• **YOUR TASK**: Produce word for word the lines of the data below running from the one that has "The Florida Recycling" to the one that has "For activating the", inclusive, and no others.

• **MATERIAL PROVIDED**:
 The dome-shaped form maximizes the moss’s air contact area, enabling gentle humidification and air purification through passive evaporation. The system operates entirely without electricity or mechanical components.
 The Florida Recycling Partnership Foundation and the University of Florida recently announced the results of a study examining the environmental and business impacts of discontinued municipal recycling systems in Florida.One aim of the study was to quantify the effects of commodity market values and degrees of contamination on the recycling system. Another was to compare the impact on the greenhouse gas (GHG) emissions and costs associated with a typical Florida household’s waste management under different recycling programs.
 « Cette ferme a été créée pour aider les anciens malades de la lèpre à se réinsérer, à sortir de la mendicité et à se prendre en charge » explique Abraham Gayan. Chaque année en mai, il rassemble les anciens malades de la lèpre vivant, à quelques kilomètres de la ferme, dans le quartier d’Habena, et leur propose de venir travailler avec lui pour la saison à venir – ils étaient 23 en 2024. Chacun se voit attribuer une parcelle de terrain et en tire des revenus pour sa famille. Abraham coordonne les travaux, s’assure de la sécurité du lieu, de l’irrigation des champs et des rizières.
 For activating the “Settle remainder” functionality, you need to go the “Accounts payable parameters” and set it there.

==

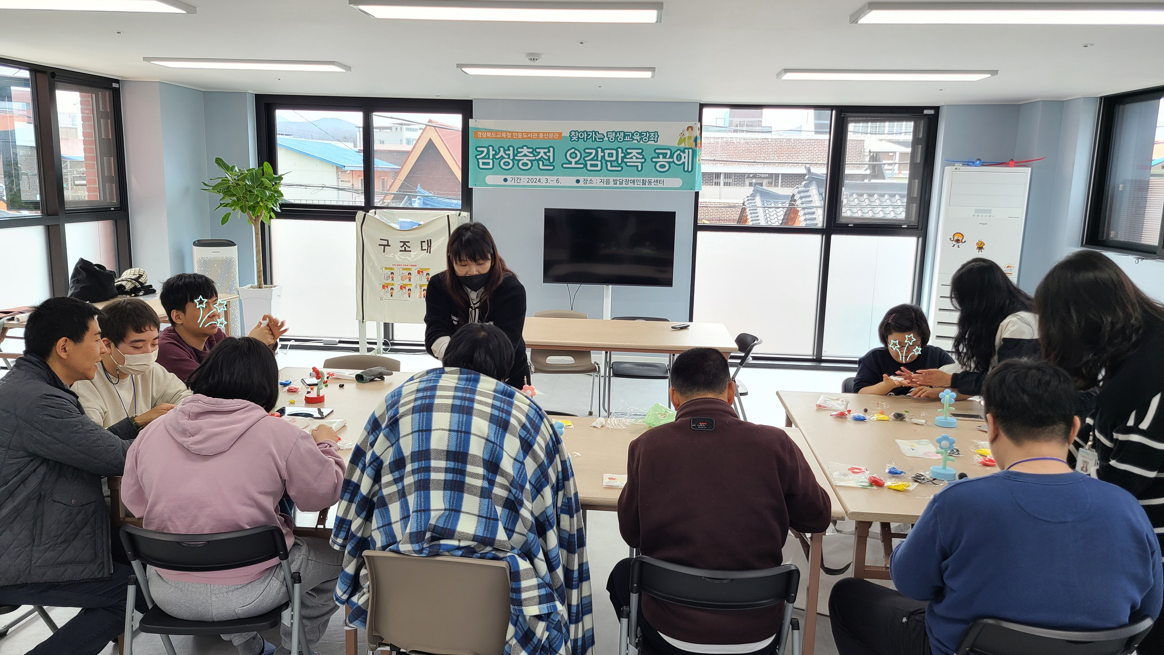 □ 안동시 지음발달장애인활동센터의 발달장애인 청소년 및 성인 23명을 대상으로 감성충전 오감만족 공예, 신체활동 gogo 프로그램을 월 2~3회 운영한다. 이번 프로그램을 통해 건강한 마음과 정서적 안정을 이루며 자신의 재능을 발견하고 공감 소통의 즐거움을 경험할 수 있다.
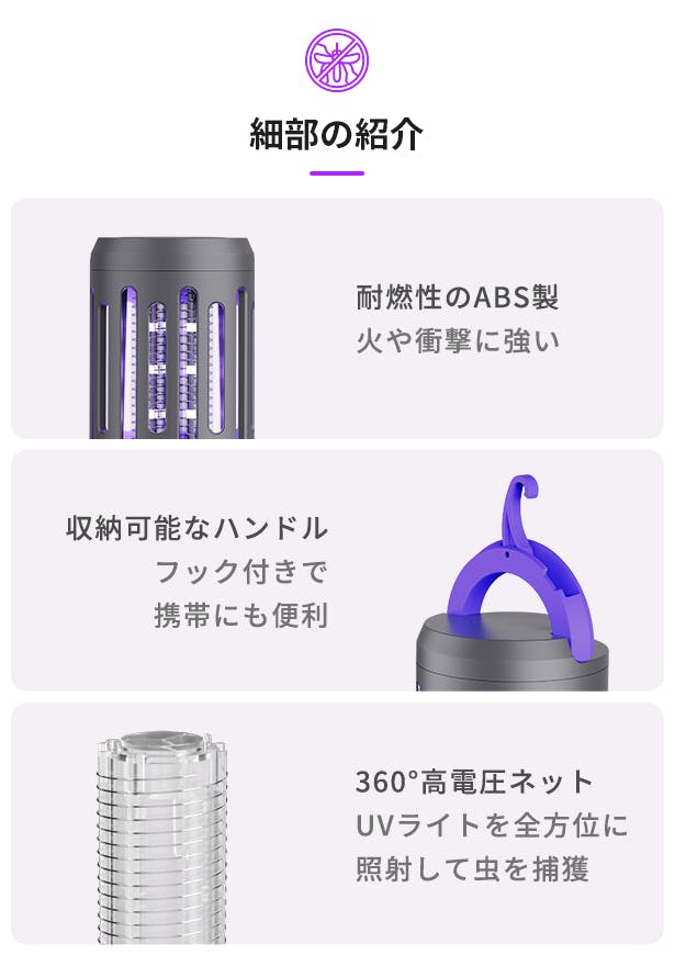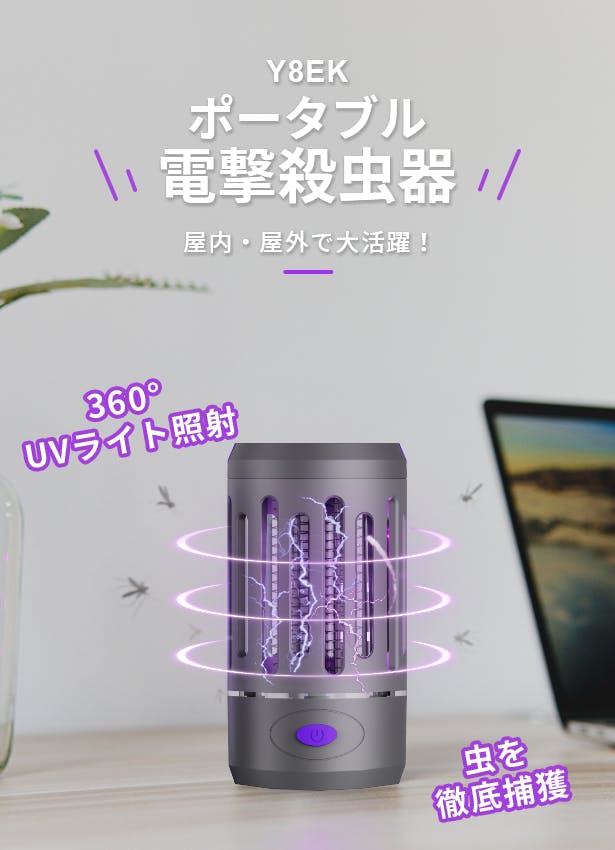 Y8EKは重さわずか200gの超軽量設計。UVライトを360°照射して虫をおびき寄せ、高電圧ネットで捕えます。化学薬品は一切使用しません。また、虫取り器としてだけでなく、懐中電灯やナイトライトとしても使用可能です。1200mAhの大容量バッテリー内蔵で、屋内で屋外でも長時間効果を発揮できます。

• **RESULT**:
 The Florida Recycling Partnership Foundation and the University of Florida recently announced the results of a study examining the environmental and business impacts of discontinued municipal recycling systems in Florida.One aim of the study was to quantify the effects of commodity market values and degrees of contamination on the recycling system. Another was to compare the impact on the greenhouse gas (GHG) emissions and costs associated with a typical Florida household’s waste management under different recycling programs.
 « Cette ferme a été créée pour aider les anciens malades de la lèpre à se réinsérer, à sortir de la mendicité et à se prendre en charge » explique Abraham Gayan. Chaque année en mai, il rassemble les anciens malades de la lèpre vivant, à quelques kilomètres de la ferme, dans le quartier d’Habena, et leur propose de venir travailler avec lui pour la saison à venir – ils étaient 23 en 2024. Chacun se voit attribuer une parcelle de terrain et en tire des revenus pour sa famille. Abraham coordonne les travaux, s’assure de la sécurité du lieu, de l’irrigation des champs et des rizières.
 For activating the “Settle remainder” functionality, you need to go the “Accounts payable parameters” and set it there.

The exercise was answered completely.